As kids, they used to wrestle on the living room rug whenever their mother wasn’t home. By the time Mo turned ten to her fifteen, he was bigger than she was, stronger. But Dez always had more drive to win. She used to narrow her eyes and pretend Mo was one of any number of kids at school who’d been cruel to her. Then she could pin him in under ten seconds.
The worst thing about tonight is Dez doesn’t have to pretend Mo is anyone but himself to feel the drive to waste him.
She twists underneath him, gaining enough distance to raise her Doc Marten and kick him in the groin.
He scuttles into himself, off her, making sharp, coughing sounds. Dez fights the urge to look at him. She can’t afford to feel sorry right now. Should she grab her brother, drag him out to her car and away from this mess until he sobers up? Call the cops and let them handle the guy in the mask?
No, he’ll be long gone by the time they get here. And this is her family’s place, her family’s livelihood. A fight flares bright in Dez. She’s on her feet in a flash and using her hands to vault over the counter. Adrenaline pumping, she lands next to the register, next to the guy in the mask.

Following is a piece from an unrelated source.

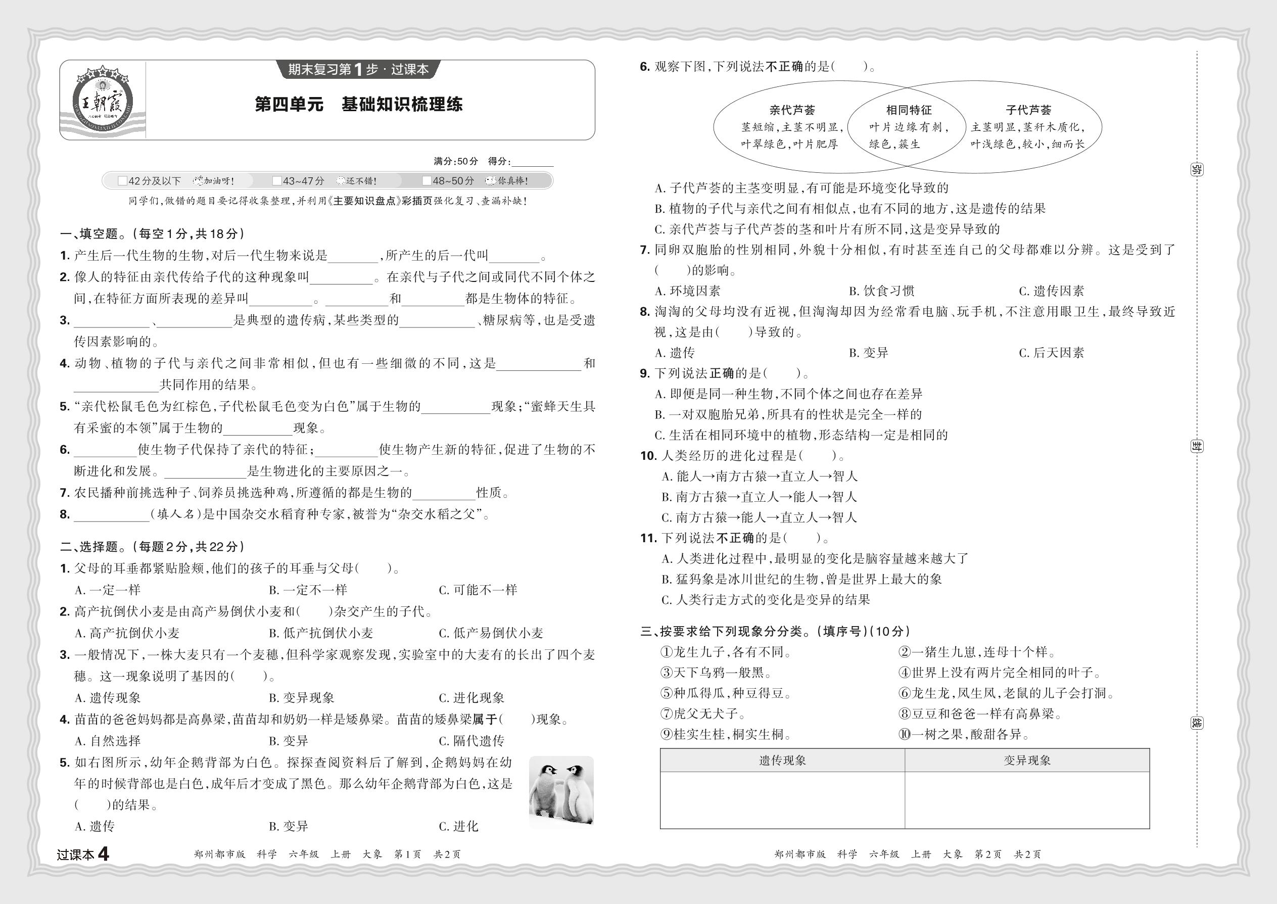 2023秋上册六年级科学大象版 期末过课本·第四单元 基础知识梳理练【4】

He’s grabbed a heavy-duty grill spatula and is using it like a crowbar on the prehistoric cash register. Dez hasn’t balanced the receipts yet, but she’d guess there’s close to three hundred dollars in there. Three hundred dollars of her family’s money, and this guy isn’t getting his hands on it.
She’s one for one on dick-kicks tonight, so she decides to go for two. She grips his shoulders from behind—so much narrower than Mo’s. A stranger’s body. She thinks: frail. She can take him.
Dez narrows her eyes. Readies her foot. And bam. She nails him in the balls. She knows she does.
But he doesn’t double over, makes no choking cough like Mo. He lets out a soft, almost sensual moan, and then—where his hoodie has slipped back—he meets her eyes.
Dark eyes, inky, like a squid washed ashore. A glint in them like he’s out for something more than money.
Blood?
The man blinks for longer than seems reasonable, and when he opens his eyes again, he punches her in the stomach with a force she didn’t see coming. She stumbles backward, into the warmer, still keeping her fucking brother’s burger at optimal temperature. The bulb of the heater singes her cheek, and she hisses. The pain is invigorating. Like a boxer emerging from her corner, she charges the junkie.
He’s fixed his hoodie so she can’t see his eyes anymore. She gets her hands around his neck. He flails to fight her off, but she puts all her strength into squeezing him. Her nails dig into the sinews of his throat.
He jabs at her, elbows to her ribs, her kidney, her breasts. But the pain feels good because she’s winning. Any moment now, he’ll need air. He’ll stagger downward, and all she’ll have to do is hold on and watch his lights go out.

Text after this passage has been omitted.